I would not recoil at the sight of the TED logo. Day six of my son’s life would consist of taking newborn photos and inviting family and friends to gaze into his hazel eyes and ask whether he looked more like Brie or I. And these past seven years would be devoid of therapists, neurologists and the growing expertise in cerebral palsy and epilepsy. Maybe, I could sleep through the night.
And yet, I wrestle. Absent the sorrow, devoid of the pain, this asteroid-sized love for my son, my daughters, and my wife would not be possible. Nor the insatiable desire to embrace every precious breath. Life would not be as beautiful. It is because of these troubles that I live in this manner today.

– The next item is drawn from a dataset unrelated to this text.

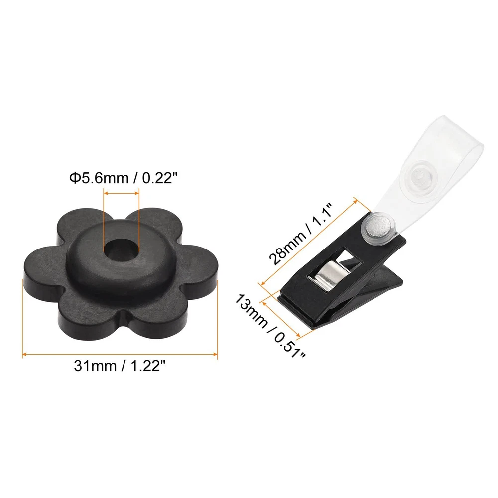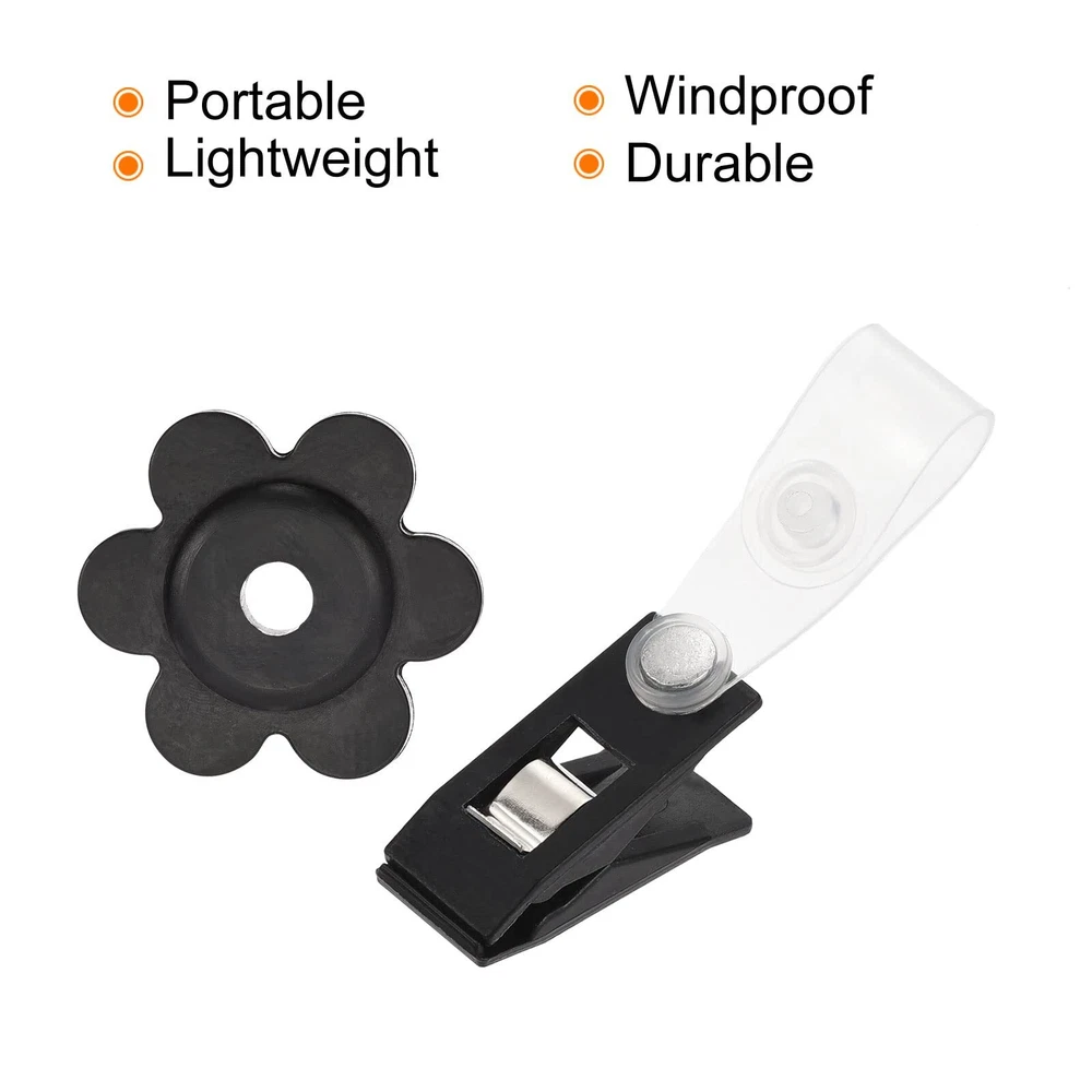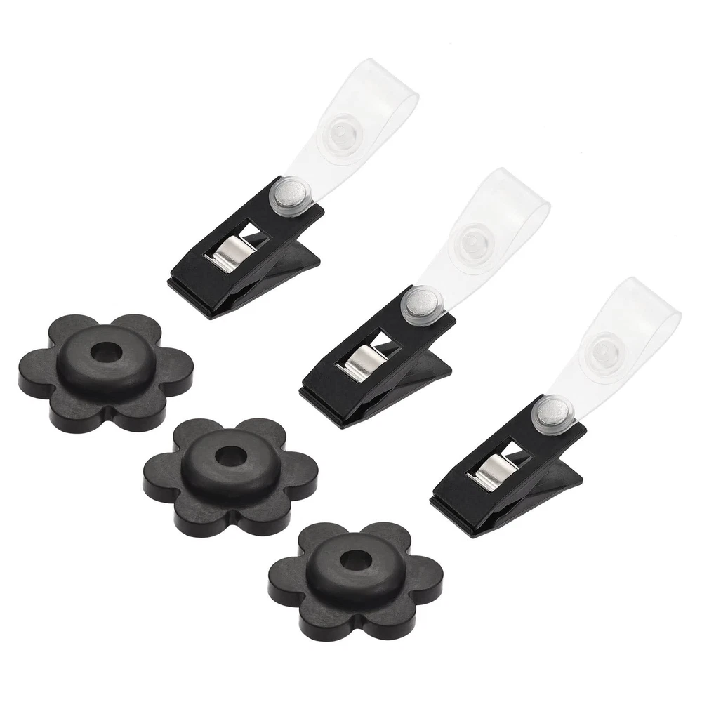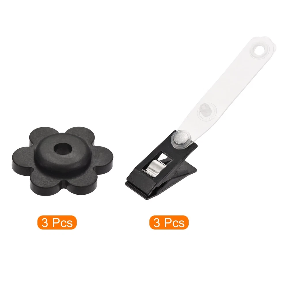 What is this? The garden flag stopper is made of durable rubber with a flower-shaped design. The anti-wind clip is made of durable plastic with a clear strap. The clip can hold down the corners of your garden flags for garden flags and the stopper can prevent your flags from flying away in the wind. What will I get? Color: Black Material: Plastic, Rubber Clip Size: 28mmx13mm / 1.1"x0.51" (L*W) Clip Opening Width: 5.5mm / 0.22" Stopper Max Outer Diameter: 31mm / 1.22" Stopper Hole Diameter: 5.6mm / 0.22" Package Content: 3 x Flag Stoppers, 3 x Anti-Wind Clips Are there any advantages of the product? Windproof, lightweight, sturdy and durable; the stopper and clip kit can withstand various weather conditions and fix the flag firmly, keeping the flag in place. How to use it? Easy to use, use the transparent part of the clip to fix the flag stand or pole, then put the corner of the flag into the clip and fix it; pass the stopper through the flag stand or pole. What should I notice? Please confirm the diameter of the stand rod and select the appropriate size of the flag stopper and anti-wind clip. Windproof, lightweight, sturdy and durable; the stopper and clip kit can withstand various weather conditions and fix the flag firmly, keeping the flag in place Clip Size: 28mmx13mm / 1.1"x0.51" (L*W); Clip Opening Width: 5.5mm / 0.22"; Stopper Hole Diameter: 5.6mm / 0.22"; Package Content: 3 x Flag Stoppers, 3 x Anti-Wind Clips The garden flag stopper is made of durable rubber with a flower-shaped design. The anti-wind clip is made of durable plastic with a clear strap. The clip can hold down the corners of your garden flags for garden flags and the stopper can prevent your flags from flying away in the wind Easy to use, use the transparent part of the clip to fix the flag stand or pole, then put the corner of the flag into the clip and fix it; pass the stopper through the flag stand or pole Please confirm the diameter of the stand rod and select the appropriate size of the flag stopper and anti-wind clip

So how can so much beauty and goodness have emerged from such tragedy? How can we spend two years far from therapists and neurologists and not let the seizures stop our vagabonding? How can so many of the dull routine moments be filled with laughter and hope when they could be interrupted at any time?
I don’t know.
The early morning sun rises over our new home at the Front Range of the Rockies. It illuminates again, the paths traversed these last seven years. Its rays are seeking to pierce my bright, yet vulnerable eyes. Now I am facing the opposite direction, calm, back straight and eyes fixed on the next summit, even higher, with the trail at my feet.
It is certain to be treacherous. And certain to be filled with more castles, baby swans and tacos de chorizo. I may want to change everything that took place on day six of Sebastian’s life; but I would not change anything about today or tomorrow.
My baby girl almost didn't make it either. So everytime she makes a bid for an extended bedtime because she's telling me a long halting rambling story, or wants me to watch Bluey with her, or read a longer book than I originally wanted to, I check myself and remember it's a fleeting moment. Whatever project I was working on before can wait. These moments are treasures. Thanks for sharing yours.
Deeply beautiful Brandon. Heart-wrenching, powerful, painful, but beautiful. Much love to you and your family from ours here in Australia.